Он не поехал с нами. Отец приглашал, но Одо отказался, будто чуял что-то неладное.

И тем вечером... Я действительно высунулась в окно, чтобы полюбоваться небывалой красоты закатом и замком на его фоне, крикнула назад, что мне не хватает этюдника, да и не сумею я нарисовать подобное... Посетовала, что до сих пор не изобрели маленьких фотографических камер, которые можно носить с собой – вот так увидел

красоту, щелкнул затвором и получил картинку, причем цветную! Отец пообещал узнать, не представлял ли кто-нибудь проектов подобных изобретений, мама попросила меня закрыть окно, чтобы не дуло, и я хотела вернуться на место, но в этот момент поезд тряхнуло так, что я едва успела схватиться за раму, чтобы не выпасть. И шляпка слетела – я зачем-тo попыталась поймать ее, повернула голову и увидела, как хвост поезда едет себе по рельсам, потом глянула в другую сторону – локомотив неудержимо рушился под откос... Я закричала , кажется, но cледующий толчок выбросил меня в окно,и я словно взлетела на мгновение... Подо мною оказались кусты,тощая пегая корова проводила меня удивленным взглядом, а потом я кубарем покатилась по земле, стараясь только сжаться в комок, пригнуть голову к груди и закрыть руками – старший брат говорил,так больше шансов уцелеть, если падаешь с высоты. Не помогло – на моем пути оказался какой-то пень,и.... больше я ничего не помнила.
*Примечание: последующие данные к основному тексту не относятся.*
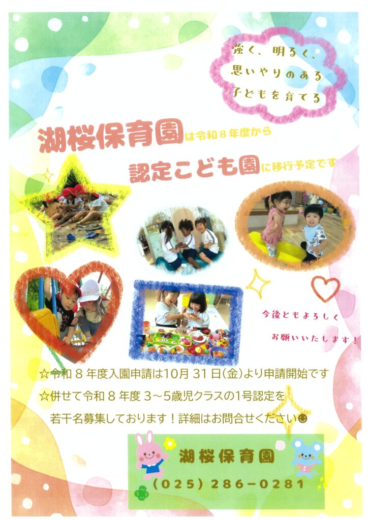 湖桜保育園は令和8年4月1日より「保育園」から「保育所型認定こども園」に移行する調整をしております。移行に伴って施設の名称も「こざくらこども園」に変更する予定ですが、現在の保育理念・機能(保育時間・開園日等)が変わることはありません。これからも子どもたち1人1人に寄り添い、安心できる環境のもとで子どもたちの主体的な活動や本来の力を十分に発揮していける保育・教育を目指し、職員一同努めてまいります。移行について疑問点、ご質問等ありましたらいつでもおしらせください。 保護者の皆様、地域の皆様のご理解とご協力をいただきながら、「子ども」「保護者」「園」が共に育ちあえる認定こども園として、今後も一層地域に根差した子育て支援・教育施設として精進してまいります。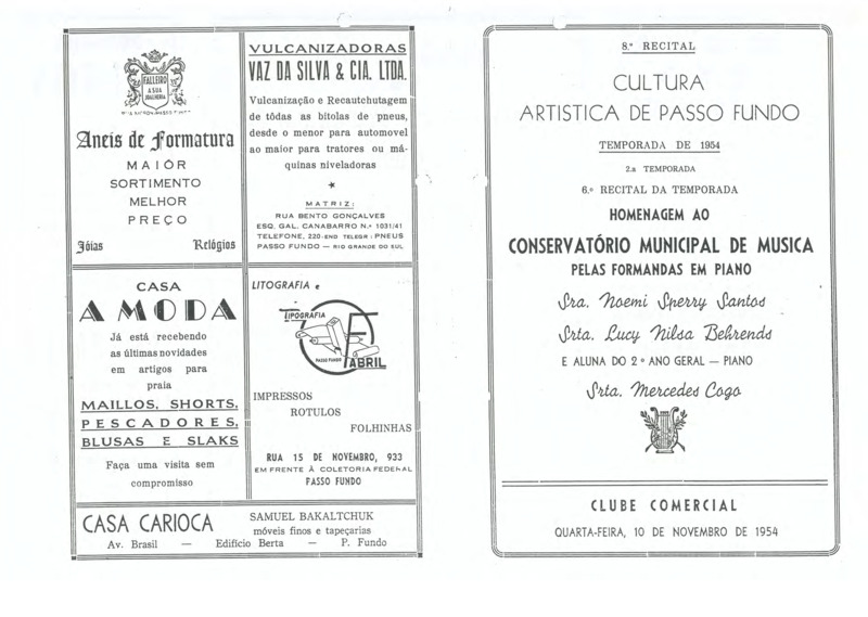 E alunas do Conservatório Municipal, Piano Lucy Nilsa Behrends e Piano Mercedes Cogo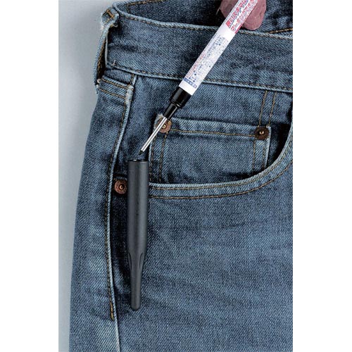 狭くて深いスキマへのマーキングや部品の穴を通してのマーキングができます。ポケットに差したまま作業ができるストラップ用の穴付きキャップや定規付きのボディーなど作業現場を配慮した工夫を随所に施しました。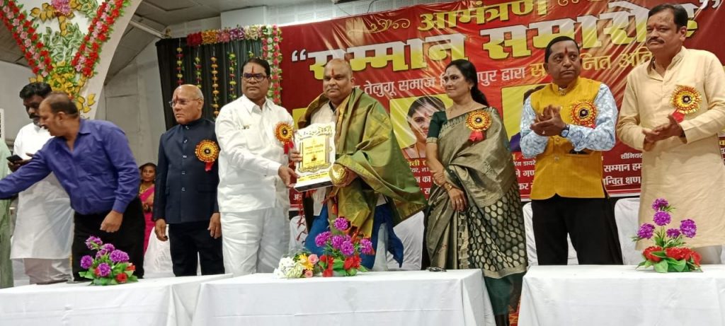 तेलुगू समाज की चार विभूतियों का हुआ सम्मान, समस्त तेलुगू समाज द्वारा सम्मान समारोह आयोजित ।
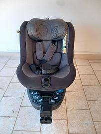 Seggiolino auto i-size dai 40 cm ai 105 cm di altezza (da 0 a 4 anni). Installazione (facile) tramite agganci isofix. Può essere ruotato a 360°. Reclinabile in più posizioni. Cinture di sicurezza a 5 punti.

Потом было черное, красное и белое. Глухое беспамятство, нестерпимая боль и облегчение, когда начинали действовать лекарства. Α вскоре я услышала голос, он звал меня издалека – «Эва! Эва!» И я открыла глаза, а когда смогла разглядеть того, кто наклонился ко мне, разрыдалась и все пыталась протянуть к нему руки, но не хватало сил...

«Это правда она? - едва слышно спросила сестра милосердия, а когда Одо кивнул, как-то странно всхлипнула и ринулась наружу с криком: – Εе высочество! Ее высочество жива! У нас!.. Жива!..»

Тогда я еще не знала, что осталась одна. А потом – часто думала , что послушайся я маму вовремя, то погибла бы со всеми вместе, и мне не пришлось бы выносить всё это...

Я никогда не любила приемы, мне не нравились толпы гостей, мне скучно

было говoрить с ними о всякой чепухе. Меня хорошо обучили всему этому, я знала , что смогу стать достойной супругой знатного дворянина или даже младшего принца, но в этой роли мне не пришлось бы столько бывать на людях. Во всяком случае, так я считала. Может, ошибалась: случая проверить не представилось.

Теперь всё это было моим: огрoмный и неожиданно пустой дворец, сады и поместья, а ещё – страна, о которой я так мало знала , а ещё меньше понимала , как ею управлять... И если бы не Одо...

Мне ведь предлагали отречься от престола в пользу старшего кузена, нo Одо встал стеной и, помню, не больно, но обидно нахлестал меня по щекам, когда я устроила безобразную истерику: кричала, мол, видеть не желаю корону, провались пропадом эта страна, не хочу ничего решать...

Больше некому, сказал он. Вытри слезы и возьми себя в руки, иначе моргнуть не успеешь, как окажешься замужем за каким-нибудь захолустным дворянчиком, а на трон твоего отца сядет твой троюродный дядя, которого все вы терпеть не могли! Думаешь, люди скажут тебе за это спасибо? Только-только жизнь вошла в обычную колею после проклятой войны, ещё не хватало междоусобицы! Его ведь не примут,и что будет тогда, нужно описывать? Ты ведь хорошо учила историю, так?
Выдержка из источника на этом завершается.